• [WORK TASK] Only the stretch below from the line holding "ggplot(data = mtcars, mapping" through the line holding "Purple Robot With" should be restated, word for word and with both ends included; pictures stay out.

• [THE RECORDS]
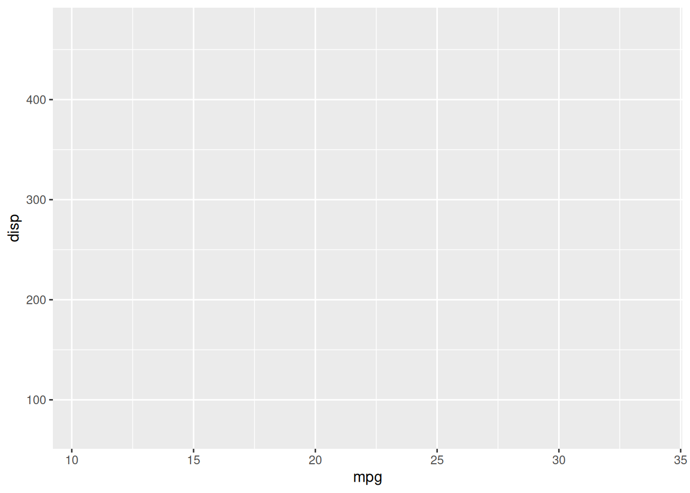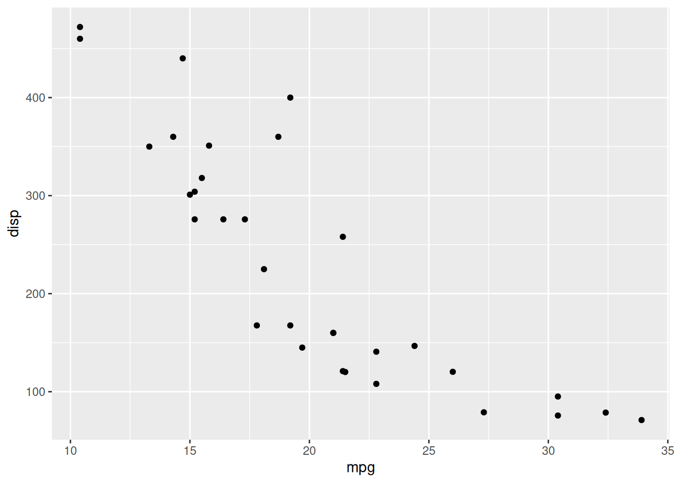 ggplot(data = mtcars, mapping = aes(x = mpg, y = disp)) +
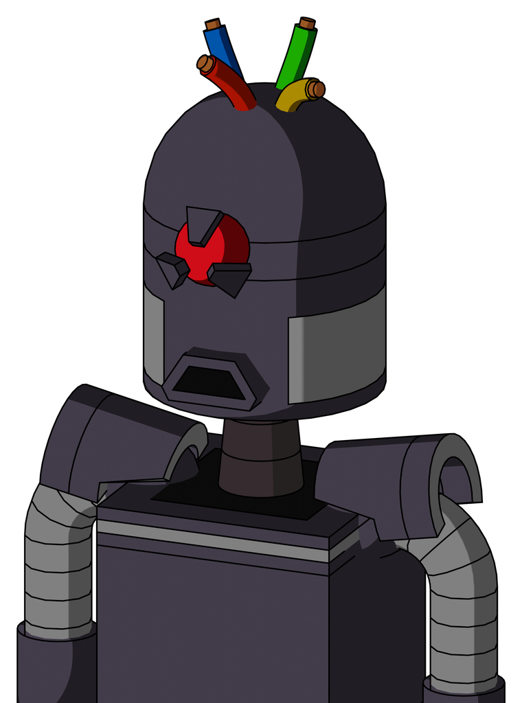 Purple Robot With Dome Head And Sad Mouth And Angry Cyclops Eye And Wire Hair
---
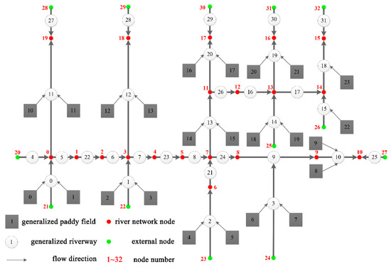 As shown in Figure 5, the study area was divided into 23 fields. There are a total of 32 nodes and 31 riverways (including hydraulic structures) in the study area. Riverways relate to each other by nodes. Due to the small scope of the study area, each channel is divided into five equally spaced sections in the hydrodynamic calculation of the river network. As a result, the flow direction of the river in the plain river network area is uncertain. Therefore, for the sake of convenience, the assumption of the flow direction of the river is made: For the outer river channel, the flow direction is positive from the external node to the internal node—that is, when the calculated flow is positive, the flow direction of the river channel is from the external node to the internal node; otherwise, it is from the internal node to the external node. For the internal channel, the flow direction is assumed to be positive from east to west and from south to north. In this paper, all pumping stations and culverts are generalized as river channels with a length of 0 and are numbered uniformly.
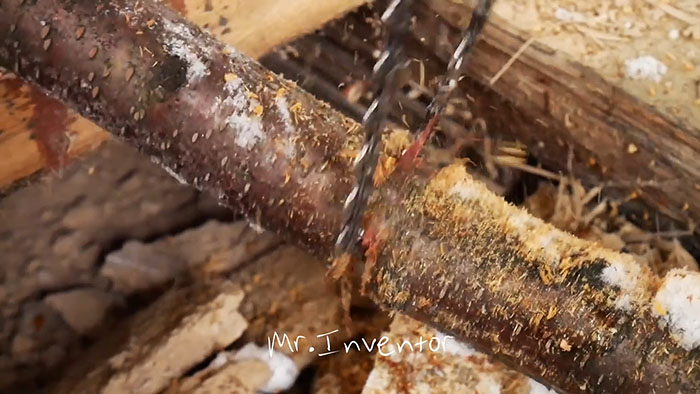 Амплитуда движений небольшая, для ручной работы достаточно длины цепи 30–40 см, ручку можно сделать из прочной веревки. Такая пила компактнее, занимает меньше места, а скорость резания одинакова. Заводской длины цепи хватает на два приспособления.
* * *
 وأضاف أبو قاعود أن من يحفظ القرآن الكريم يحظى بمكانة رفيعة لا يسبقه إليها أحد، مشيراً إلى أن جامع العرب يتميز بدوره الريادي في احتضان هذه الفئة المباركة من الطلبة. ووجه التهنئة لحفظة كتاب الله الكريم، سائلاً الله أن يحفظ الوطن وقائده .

• [SOLUTION BELOW]
 ggplot(data = mtcars, mapping = aes(x = mpg, y = disp)) +
 Purple Robot With Dome Head And Sad Mouth And Angry Cyclops Eye And Wire Hair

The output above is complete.